In response to national concerns a decade ago, driven by research
that showed that higher education was making little impact on
students' development of broad competencies and critical thinking,
the provost and president of Purdue University, a research
university, instituted a program whose goals were to build on the
accumulated knowledge on effective teaching to facilitate student
learning, improve outcomes, and change the institutional culture
around teaching and learning - objectives to which many
institutions aspire, but which few consistently attain, or attain
at scale. This book describes the development of Purdue's IMPACT
program (Instruction Matters: Purdue Academic Course
Transformation), from its tentative beginning, when it struggled to
recruit 35 faculty fellows, to the present, when 350 have been
enrolled and the university has more applications than it can
currently handle. Overall, more than 600 courses have been
impacted, many of which have seen significantly reduced DFW rates.
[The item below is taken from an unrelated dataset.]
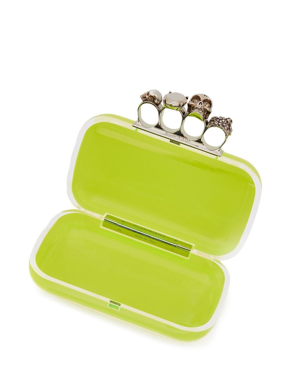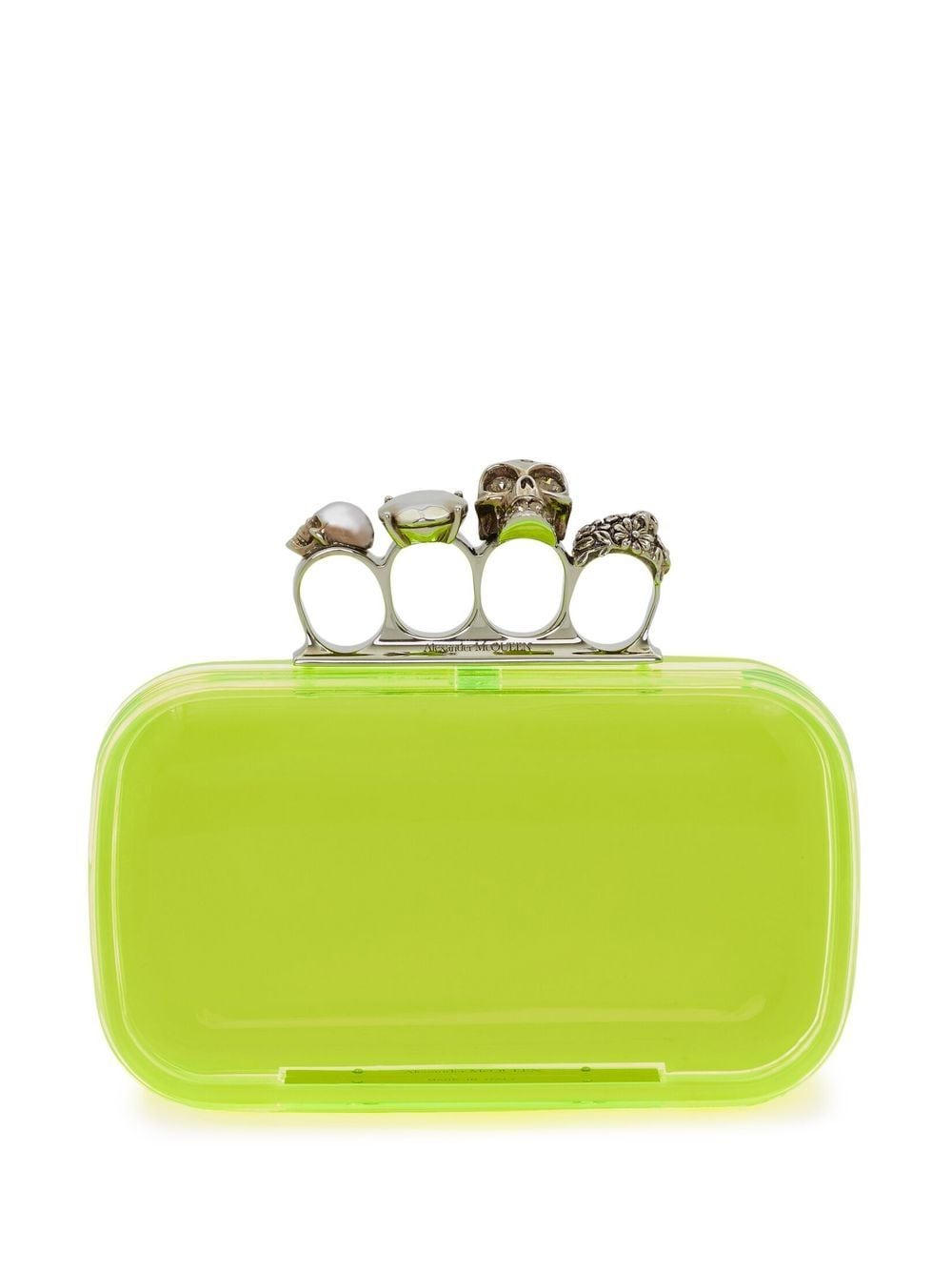 Skull knuckle-duster clutch bag from Alexander McQueen featuring knuckleduster design, skull stud detailing, high-shine finish, acid yellow and hinged.
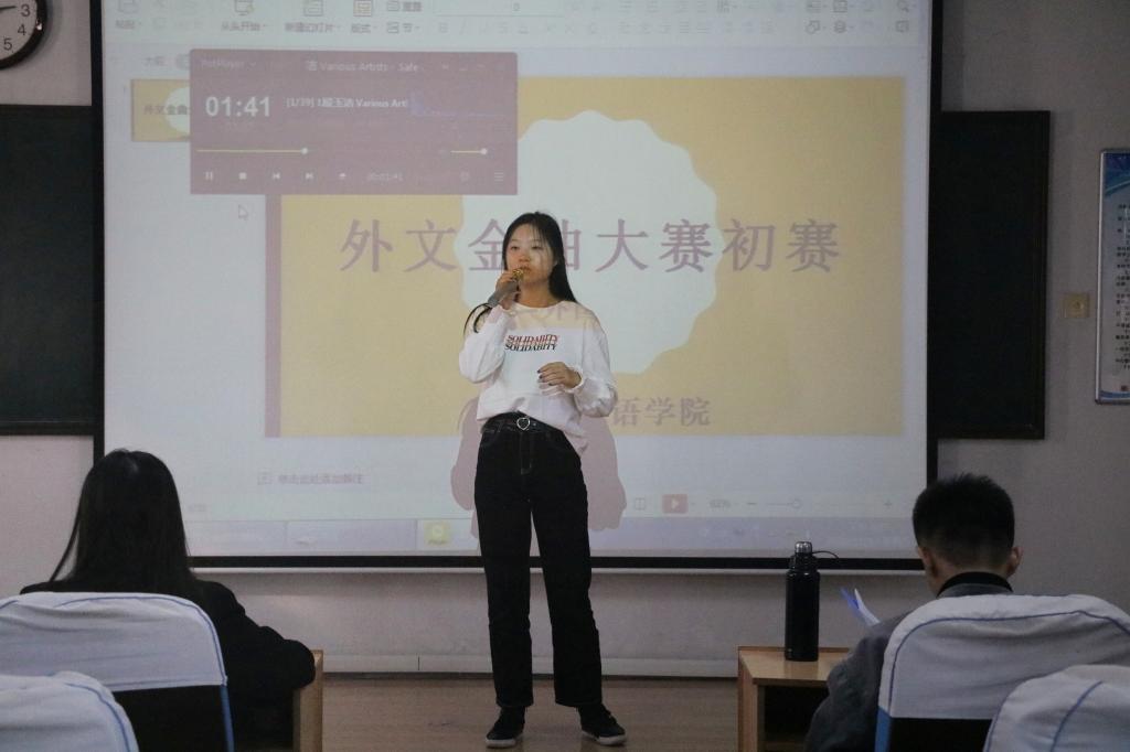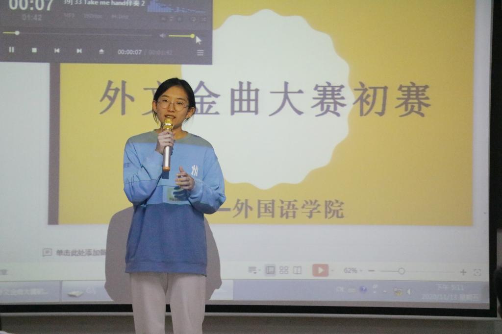 于系楼301室举办外文金曲大赛初赛。2020年外文金曲大赛亚军、校大艺术团成员刘韦妙与暗网禁区

Chantal Levesque-Bristol, whose Center for Instructional Excellence
is part of an institutional team that comprises the Provost's
Office, Teaching and Learning Technologies Unit, Institutional
Assessment, the Purdue University Library and School of Information
Studies, and the Evaluation and Learning Research Center, describes
the evolution of IMPACT, lessons learned, and the central tenets
that have led to its success. The purpose of this book is not only
to describe the program, but also to highlight the importance and
implications of the underlying motivational theoretical framework
guiding the initiative. Having started as a course redesign program
that faltered in achieving its objectives, the breakthrough came
with the introduction of the fundamental motivational principles of
self-determination theory (SDT) followed by the applications of
these principles to the research in higher education leadership and
pedagogy. Giving faculty fellows the autonomy to build on their
disciplinary expertise, pursue their interests and predilections,
within a guided framework, and leveraging interactions with
colleagues through FLCs, stimulated faculty fellows' motivation and
creativity. This book describes the core and structure of the
IMPACT program, presents details of faculty learning curriculum,
explains how the focus on SDT principles shaped the program's
evolution and transformation from a course redesign to a
professional faculty development program, and covers the
considerations behind the formation of faculty fellow IMPACT teams.
A concluding chapter addresses how the IMPACT program, having
helped faculty pivot to emergency remote teaching when the campus
closed owing to the COVID-19 pandemic, is being modified so it can
be successfully sustained online if circumstances require, or as a
means to expand its reach in the future. While the principles
behind this initiative will be of compelling interest to its
primary audience of faculty developers, several chapters will have
appeal to instructors and administrators.